王は、勇者の意外な成長に驚きながらも、彼にすべてを任せることはできないと決意した。


「今、門番のドラゴンと戦っているようです!」

「大臣!」

「まさに好機かと!」

「皆の者!支度をせい!」


王は謁見の間を後にしようとした。


「陛下!どちらへ?!」

「教会じゃ、教会。お前たちは戦の支度を進めておけ!すぐ戻る。」


王は、最後の戦いに向かう前に、自分自身の魂を清めるために教会へ向かった。


城下町の軍港に、無数の軍船が集結している。その軍船に乗る兵士たちの目は、王の苦悩を間近で見てきたからこそ、燃え盛る闘志に満ちていた。

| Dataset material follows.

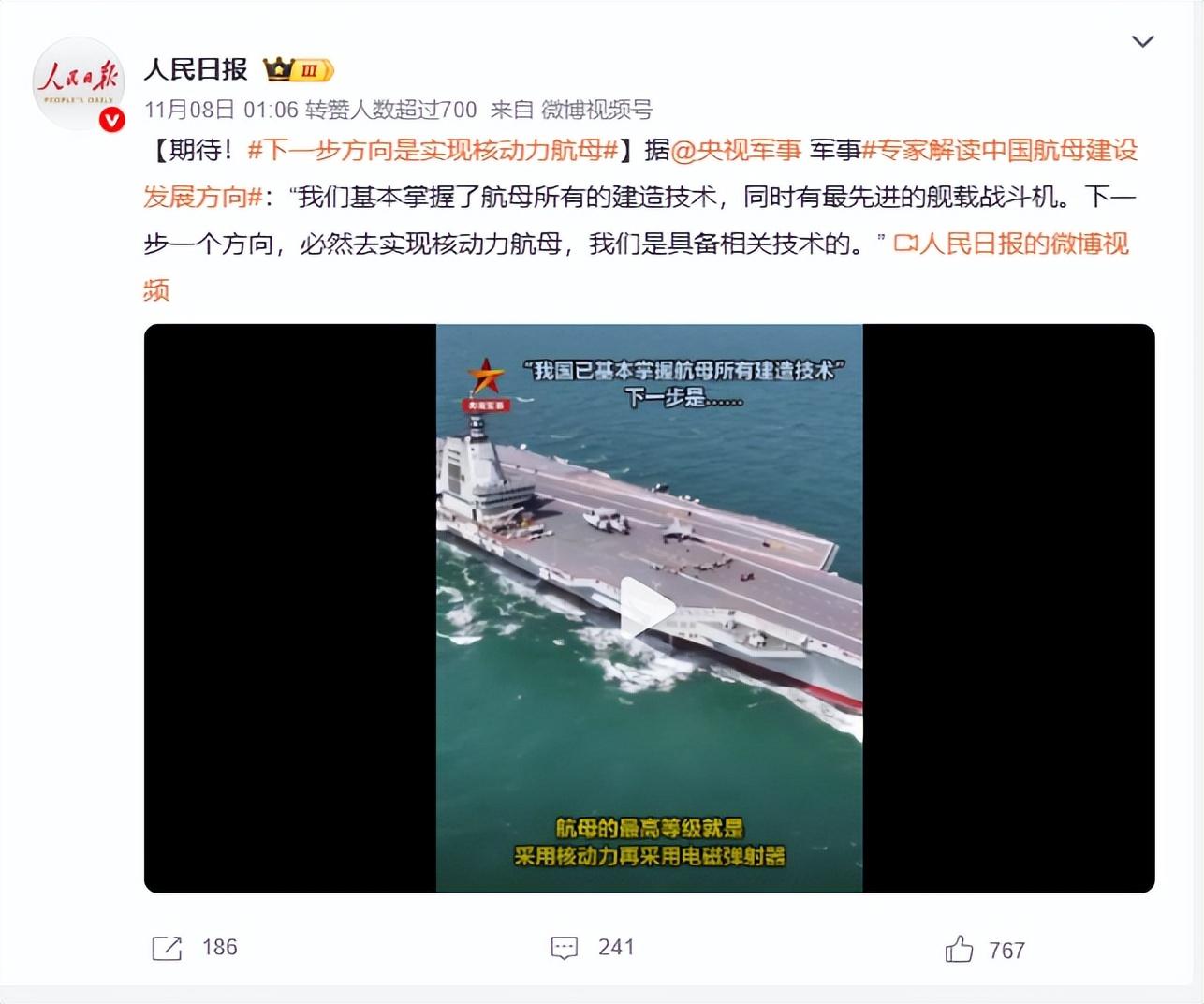 當然了,00型航母還不是咱們的終極目標,咱們下一步的方向就是核動力+電磁彈射。我看美媒報道說,中國可能已經在建了,說美國國防承包商提供的衛星圖像顯示,大連造船廠可能在爲一艘核動力航母建造實驗分段。如果是真的話,那意味着中國真的已經走向星辰大海。
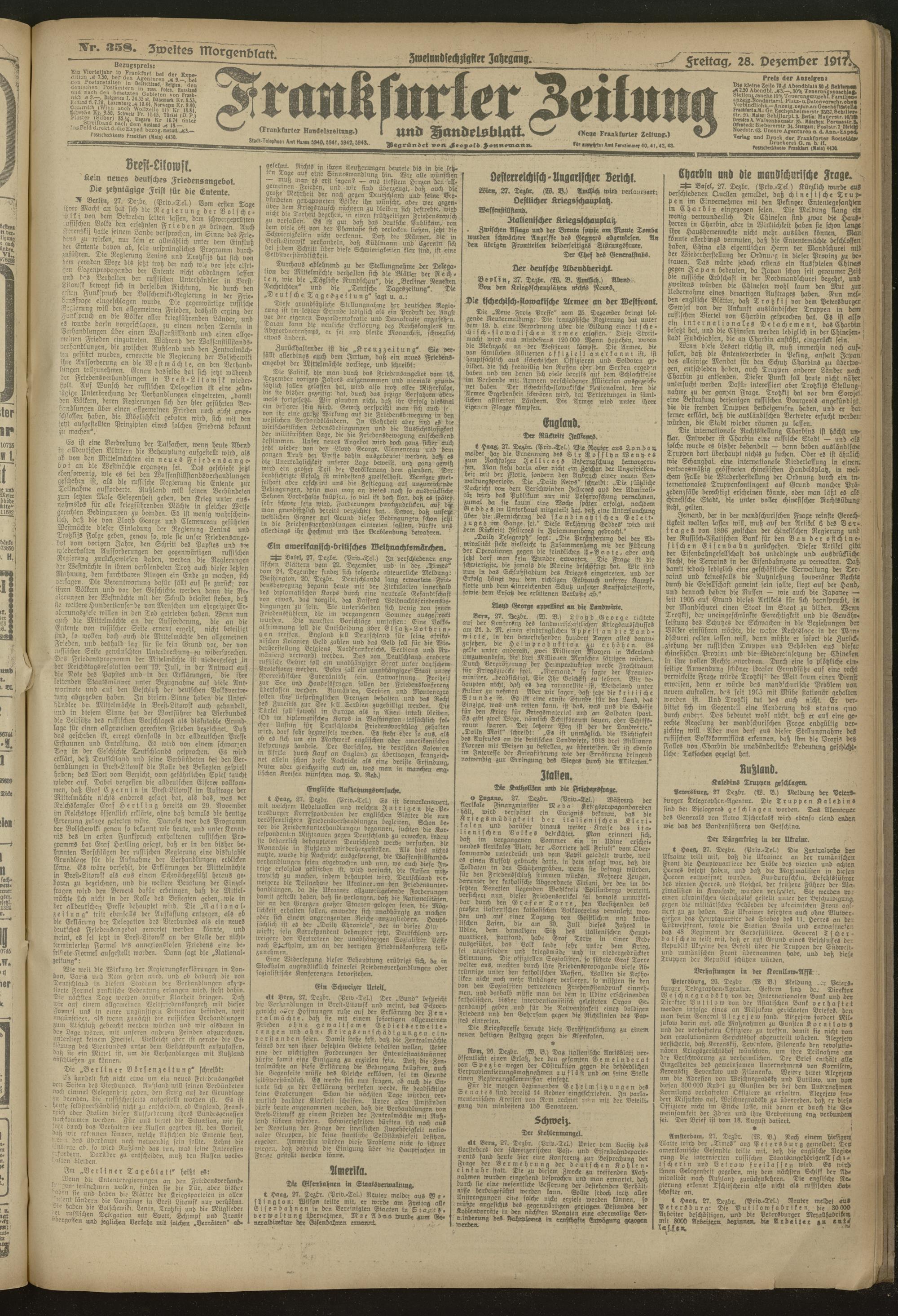 28.12.1917 = Nr. 358. Zweites Morgenblatt

「陛下!我らが城の対岸に築城した魔王に、目に物を見せてやりましょう!」

「うむ!」


兵士たちの前に立つ王の手には、伝説の聖剣が握られていた。それは、王が長年、国民の平和のために、質素な生活と国政に尽力してきた証だった。


王は剣を天に掲げ、兵士たちを鼓舞する。


「聞け!我が国に集いし兵どもよ!時は来た!我らはこの瞬間のために、鍛錬を続け、質素に徹し続けてきたのだ!今こそ、魔王にその怒りをぶつけるのだ!すべては祖国の為に!」


軍船に集いし兵士、その数は二万を超えていた。


「ファイエル!」


王の掛け声とともに、魔法兵団から放たれた無数の魔法が魔物たちを飲み込み、魔王の城に甚大な被害を与えていく。


「魔王よ、出てくるがいい!決戦の時ぞ!」


「こしゃくな人間どもが!我が城に傷をつけおって!許さんぞ!」


魔王が姿を現す。


「お前が魔王か!我らはこの時のため、さんざん辛酸を嘗め続けてきたのだ!貴様を倒し、我が国の平和を取り戻す!」


王は魔王に切りかかった。その手に握る聖剣にすべてを託して。


そして…


「晩飯の恨みスラッシュ!」


魔王への個人的な恨みは、国民の平和を守るという強い意志に変わっていた。


「ぐは!ここまでとは!」


「まだじゃ!ここで終わらせてやる!」


怒りが頂点に達した王の聖剣が、魔王に迫る。だが、その時、聖剣が折れた。


「なんだと?!」

「馬鹿め!聖剣がお前の力に耐えきれなかったようだな!武器無しでこの私に勝てるかな?!」


王は折れた聖剣を捨てた。


「本当の聖剣はここにある!くらえ!国民の血税パンチ!」


国民の血税で築かれた国の力と、王の強い思いが、魔王を打ち砕いた。


「ぐあぁ!」


魔王は散った。魔王の軍団は王を失い、逃げ始めた。